Source data
● ● ● ● ● ● ●

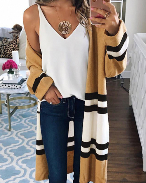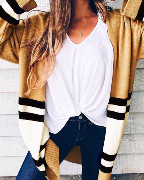 Euramerican Long Sleeves Patchwork Yellow Cotton Cardigans
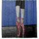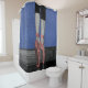 Piernas y pies de bailarina de ballet con zapatos de ballet rosado frente a una pared de notas musicales. Hay otros accesorios de baño a juego.
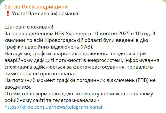 19:27 На Кіровоградщині введено графіки відключень світла, повідомляє Кіровоградобленерго.
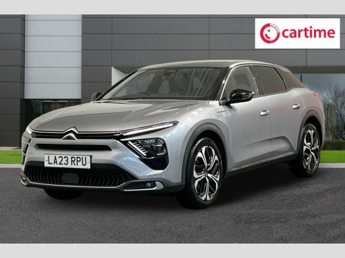 This 2023 Citroen C5 X Shine Plus is presented with a clear vehicle history check, offering you peace of mind. This striking model features a 1.6 litre petrol engine, meeting Euro 6 emission standards. Inside, you'll find a multifunction heated steering wheel crafted from grained leather, complete with paddle shifters for manual gear selection and controls for driving assistance and infotainment. The Shine Plus trim also boasts LED headlamps with automatic high beam assist, and an extended head up display that projects information onto the windscreen. For added convenience, there is a handy storage box located under the main boot floor. The Citroen C5 X Shine Plus excels with its Citroen Advanced Comfort Suspension, designed to provide an exceptionally smooth and refined driving experience, setting it apart from other vehicles in its class. This model also offers generous boot space, perfect for accommodating luggage or shopping. When it comes to performance, the C5 X accelerates from 0 to 60 miles per hour in 10.4 seconds, demonstrating a capable and responsive drive. 12in Central Touch Screen with Separate , 12V Socket - Centre Console, 12V Socket - Luggage Compartment, 19in Alloy Wheels - Aero-X Diamond Cut w, 2 Front USB Plugs - 1 USB Type C Charge , 2 Rear USB Plugs - 1 Type C Charging and, 7in Digital Instrument Cluster with Smok, ABS - Anti-Lock Braking System, Acoustic Insulated and Tinted Front and , Acoustic Insulated and Tinted Windscreen, Advanced Driver Assistance Systems, Aluminium Door Sill Protectors, Automatic Dual Zone Air Conditioning, Automatic Illumination of Headlamps when, Automatic Rain-Sensitive Flat Blade Wipe, Automatic Welcome and Follow Me Home Lig, Black Leather-Effect Central Armrest wit, Black Leather-Effect Front and Rear D
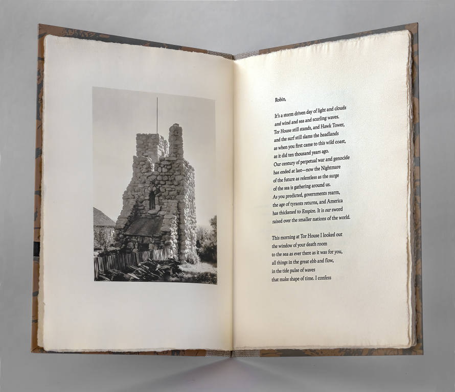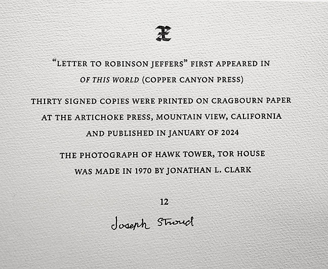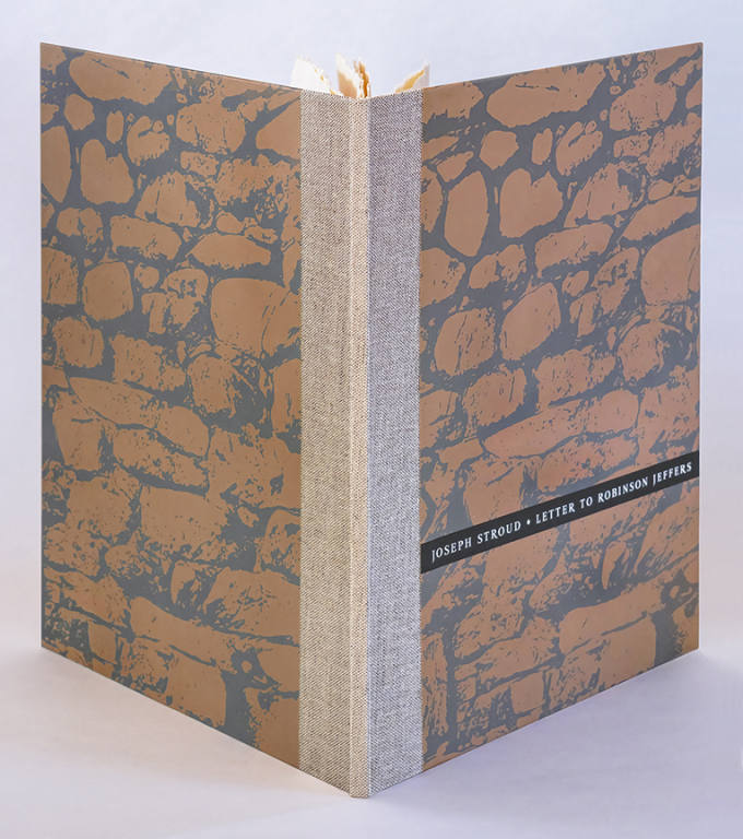 |  | Hand-bound by the printer in decorative paper-covered boards with natural linen spine. The cover paper design is derived from a photographic image of the stones of Robinson Jeffers’s Hawk Tower. Book size 12.75"x10." The edition of thirty press-numbered copies, signed by Joseph Stroud, was published in January, 2024. Inquire for purchase.
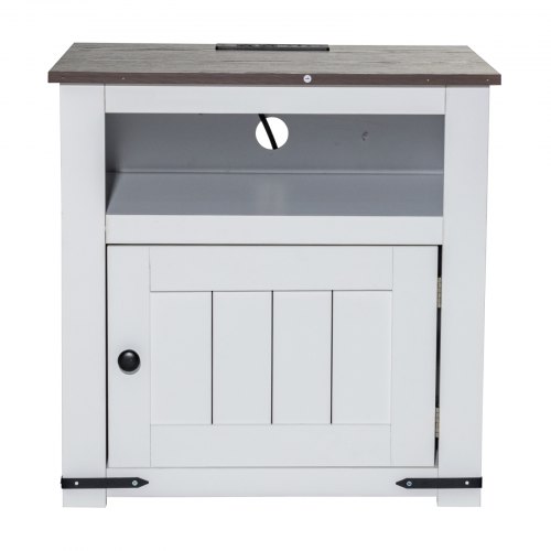 VEVOR Farmhouse Beistelltisch, quadratischer Nachttisch mit USB-Anschlüssen und Steckdosen, 3-stufiger Beistelltisch mit Aufbewahrungsschrank, ideal für Wohnzimmer Schlafzimmer Büro, weiß
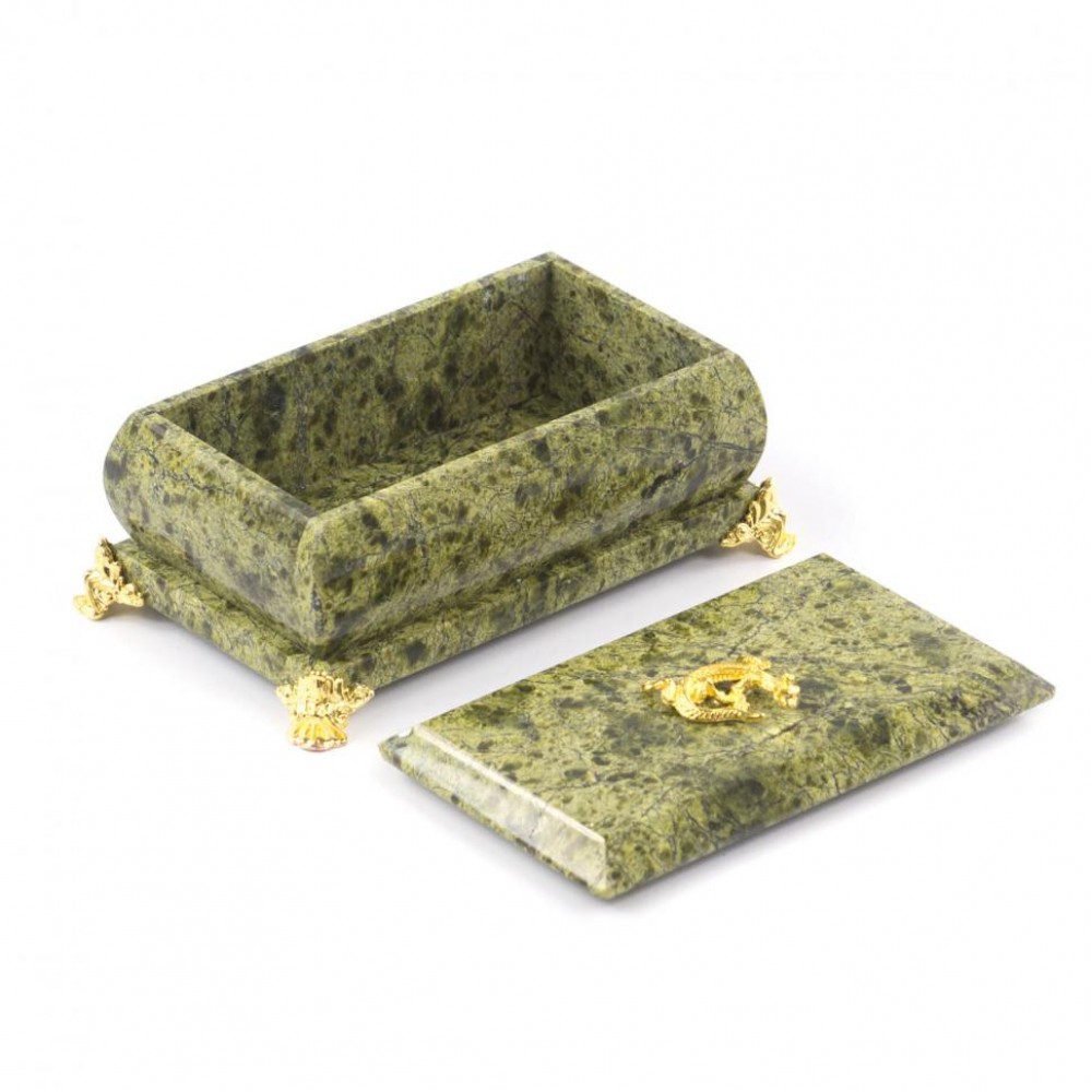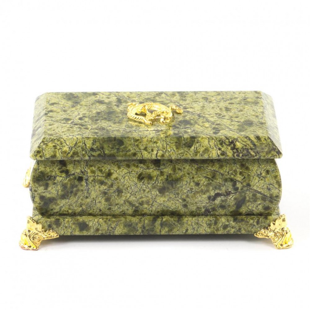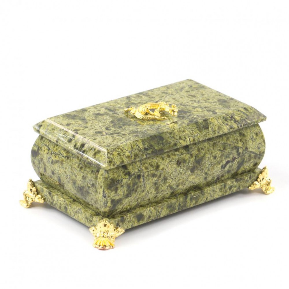 Шкатулка выполнена вручную из змеевика, имеет размеры 13х8х5 см и весит 800 г.
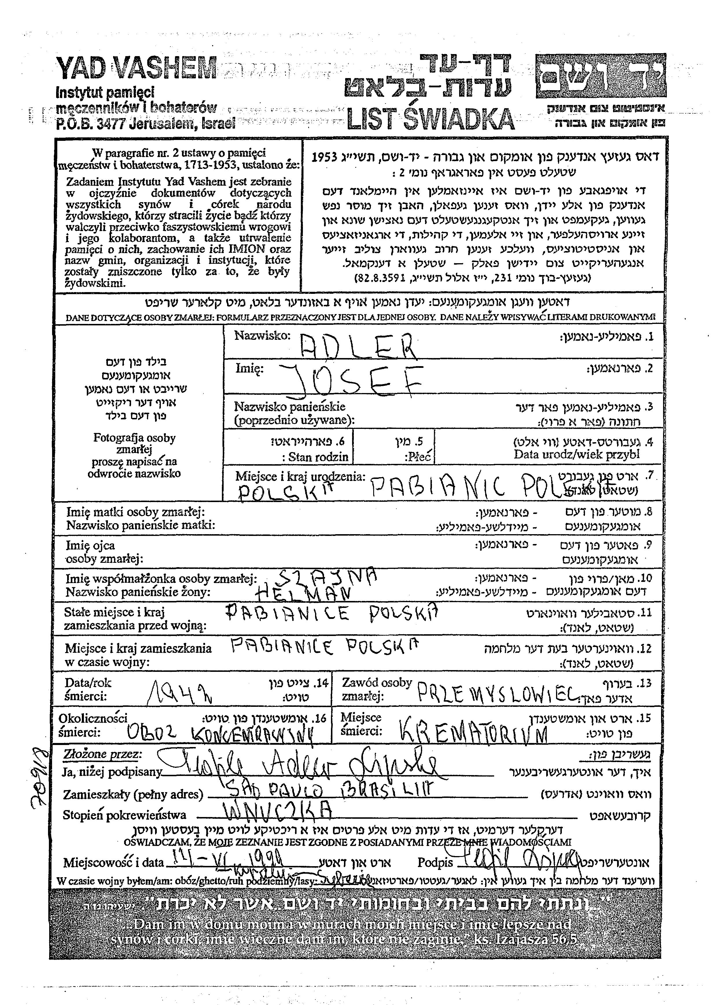 Josef Adler wurde in Pabianice, Polen geboren. Er war Industrielle/-r und mit Szajna, geb. Helman Verheiratet. Vor dem Zweiten Weltkrieg lebte er in Pabianice, Polen. Während des Krieges war er in Pabianice, Polen.

● ● ● ● ● ● ●

Keep to the lines above from the line with "Inquire for purchase." to the line with "VEVOR Farmhouse Beistelltisch, quadratischer", and set down exactly those, inclusive, with nothing else and every picture left out.

 |  | Hand-bound by the printer in decorative paper-covered boards with natural linen spine. The cover paper design is derived from a photographic image of the stones of Robinson Jeffers’s Hawk Tower. Book size 12.75"x10." The edition of thirty press-numbered copies, signed by Joseph Stroud, was published in January, 2024. Inquire for purchase.
 VEVOR Farmhouse Beistelltisch, quadratischer Nachttisch mit USB-Anschlüssen und Steckdosen, 3-stufiger Beistelltisch mit Aufbewahrungsschrank, ideal für Wohnzimmer Schlafzimmer Büro, weiß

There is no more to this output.